Та подняла массивную эбонитовую трубку солидного черного телефона, набрала диском три цифры, послушала, потом сказала туда:

— Елизавета Львовна, к вам пришли. Да. Да. Палыч.

— Сейчас поднимется, — сказала сестра нам и, положив трубку, вернулась к заполнению каких-то бумажек. — Присядьте, если хотите.

Она указала на стоящие у стены деревянные стулья, с откидными, как в кинотеатрах сиденьями. Воспользовался ее предложением один Артем, который хромал все сильнее.

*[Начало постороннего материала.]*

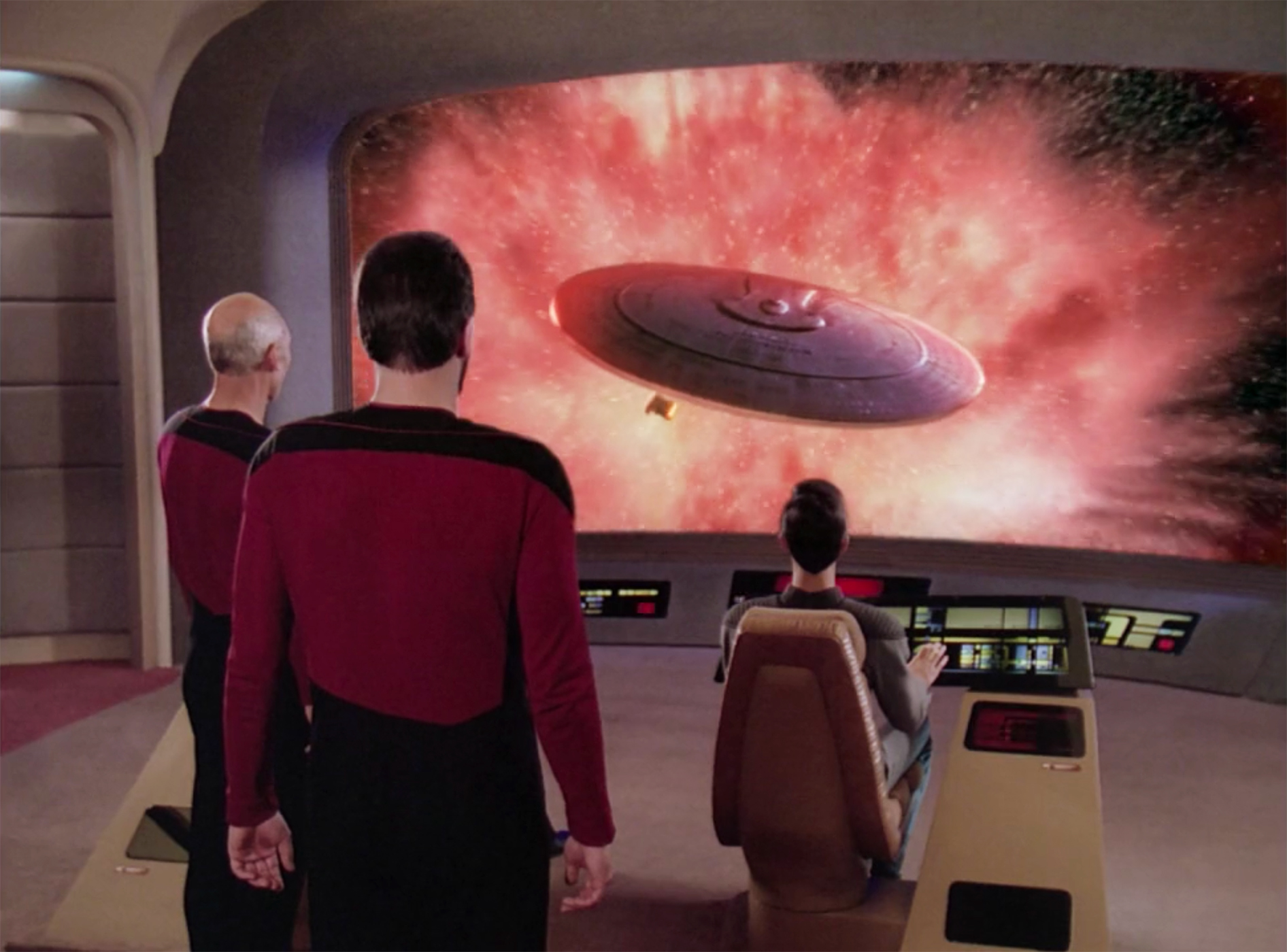 The Galaxy-class saucer section was also intended to act as a temporary means of escape for nonessential and civilian crewmembers while the secondary hull dealt with a dangerous situation. It operated independently of the secondary hull and reconnected with its drive section after the resolution of a crisis. For this reason, it contained duplicate systems in the stardrive section, including a large shuttlebay/cargo bay complex, impulse engines, and bridge. (TNG: "Encounter at Farpoint")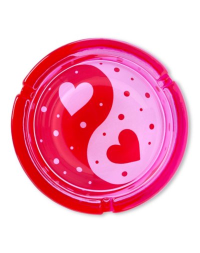 Feel the love and smoke in the air when you decorate with this Heart Yin Yang Ashtray. This ashtray is a perfect gift for any valentine who loves to get their smoke on! Dimensions: 1.7" H x 5" W x 5" W Material: Glass Care: Spot clean Imported.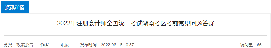 2022年注冊(cè)會(huì)計(jì)師全國(guó)統(tǒng)一考試湖南考區(qū)考前常見問題答疑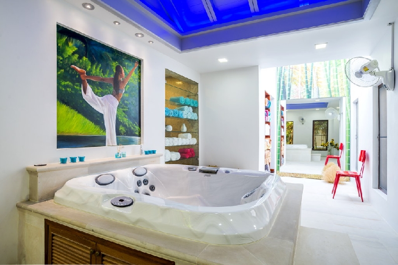 A gym with Jacuzzi.

Вскоре к нам подошла невысокая, приятной округлости женщина с черными волосами и мягким, добрым лицом. Я затруднился определить ее возраст — выглядела максимум на тридцать, но было в ней что-то очень возрастное — то ли глаза, то ли осторожная моторика тела, то ли тяжеловатый взгляд многое повидавшего человека… Из-за этого впечатление от нее было какое-то смазанное.

— Что опять случилось, Палыч? Разведгруппу потрепало? А это что за молодой человек?

— Да, Лиза, распорядись, пусть осмотрят разведчиков, им, сама видишь, досталось. А этот юноша, по его утверждению, никак не менее, чем муж утренней нашей гостьи.

Юноша? Меня и молодым человеком-то давно уже называют разве что самые древние из пенсионерок на лавочке…

— Анечка, примите наших разведчиков, будьте так любезны, — обратилась она к медсестре, тоже, кстати, по возрасту была скорее «Анна Батьковна», чем «Анечка». — А мы с вами давайте пройдем вниз…

Медсестра закивала и направилась к Артему — видимо, сочтя его наиболее пострадавшим. Докторица развернулась и пошла к лестнице, Палыч за ней, я, соответственно, тоже.

Мы спустились по лестнице — к моему удивлению, на целых три этажа. Зачем такому небольшому зданию такие мощные подвалы? Здесь было, в принципе, все то же самое, что наверху — крашеные стены, плиточные полы, равномерно расположенные стеклянные плафоны светильников. И — двери, двери, двери… Однако здесь была какая-то иная атмосфера — более мрачная, что ли. Может быть потому, что двери эти были не обычные, а укреплённые, с армированным проволочной сеткой мутноватым стеклом и выдвижным лотком для кормления. Веяло от всего этого карательной медициной и принудительным содержанием. Я сразу напрягся — не понравилось мне, что тут поместили мою жену.